“JACARANDA!”
“BB”, as my mum was affectionately known when engaged in her vocation as a grandmother, could transform car trips during Sydney’s riotous Jacaranda season into travelling ‘I-spy-with-my-little-eye’ festivals for her grandkids.
She had a knack for unearthing the wisdom within simplicity.
The game was easy enough; the first person in the car to see a riot of purple leaves blooming through the dirty car window had to yell “JACARANDA!”.
It doesn’t read like much, but trust me, get a 5 and a 3 year old ready to burst with a “JACARANDA!” on the way to the shops and you have yourself some joy and a worthwhile distraction.
You may also have yourself a lesson for life.
I’ve carried on the tradition with my kids, but we mostly do it on the bicycle. Starman (not his real name – I’m not famous enough for a name like that) on the front and Little Bird (see previous parenthesis) on the back scan Marrickville’s realms of purple with their eagle eyes and wild surmise ready to bust out a “JACARANDA!”.
I know, it’s simple stuff, but it’s fairly enough to fill your heart to brimming.
This morning Little Bird and I zoomed down the path next to Henson Park with her sprouting “WEE’s!!!!! and WOO HOO’s!!!!” like a backyard sprinkler on a hot Sydney summer day.
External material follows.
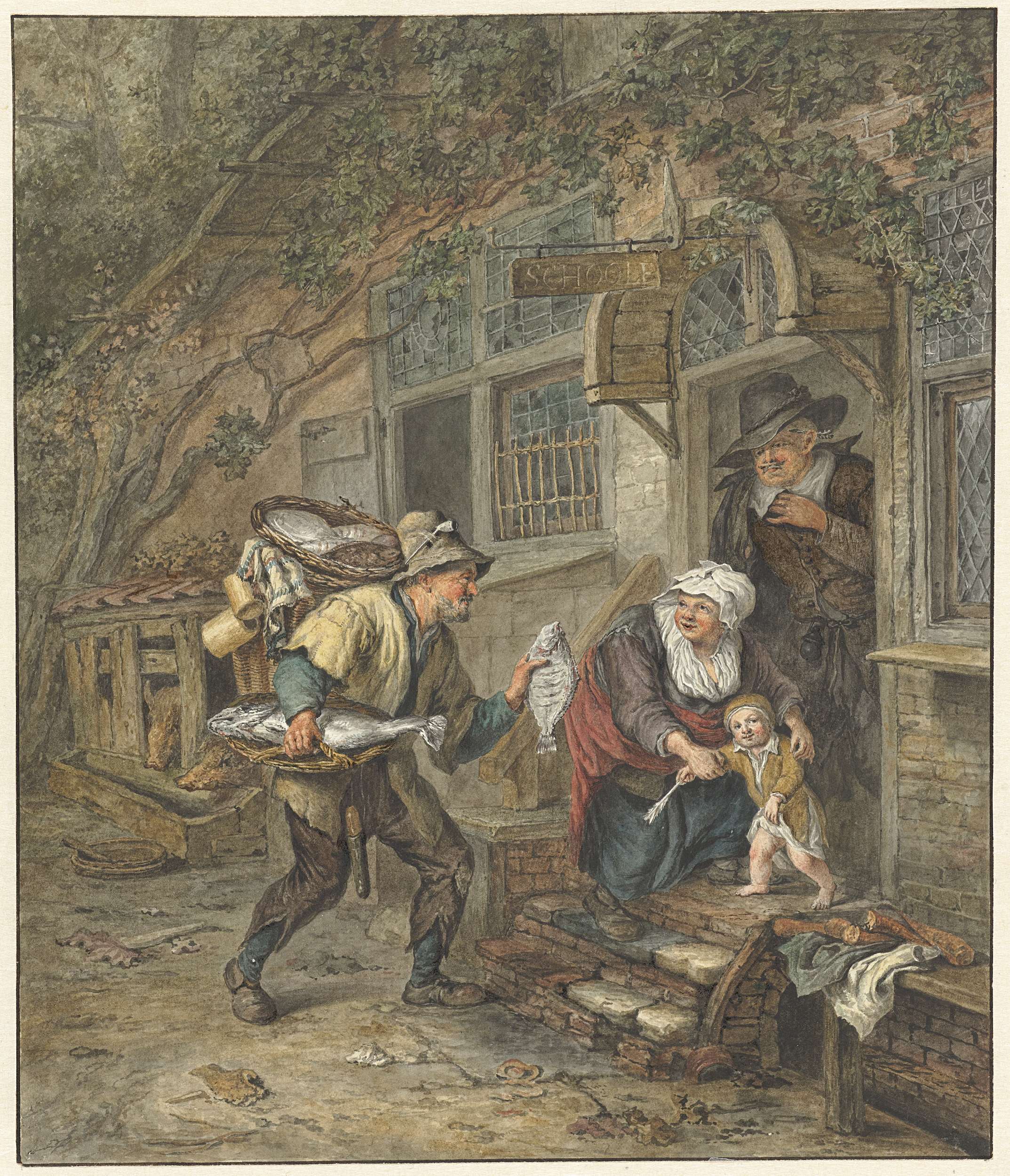 Een visverkoper biedt een schol aan aan een schoolme...

You can get up some speed next to the park here, transfer onto the cul-de-sac outside the tennis club and get in a few big arcing Giant Slalom-style turns before screeching to a holt for the red light on Sydenham Road.
We were hard into turn three when Little Bird, filled to the brim with “JACARANDA’s!”, Buganvilias, and Rainbow Lorikeets streaking across the blue summer sky, declared, ‘this is the best day ever!’.
I was stressed about the day ahead, wrestling with emotions emerging from a conversation the night before, fighting the pit of anxiety in my stomach and suffering from jet lag. She was immersed in the world around her, happy to be on the bike with her dad and looking forward to the day ahead.
Lesson #1. Jacarandas are enough.
PS. lest anyone be labouring under the misapprehension that we are some kind of perfect family, that same pure zen Little Bird was spinning like a top on the kitchen floor screaming and crying “I WANT SOME RASPBERRIES!!” for 5 minutes straight around 6:30pm tonight. Jacarandas are enough? Not always.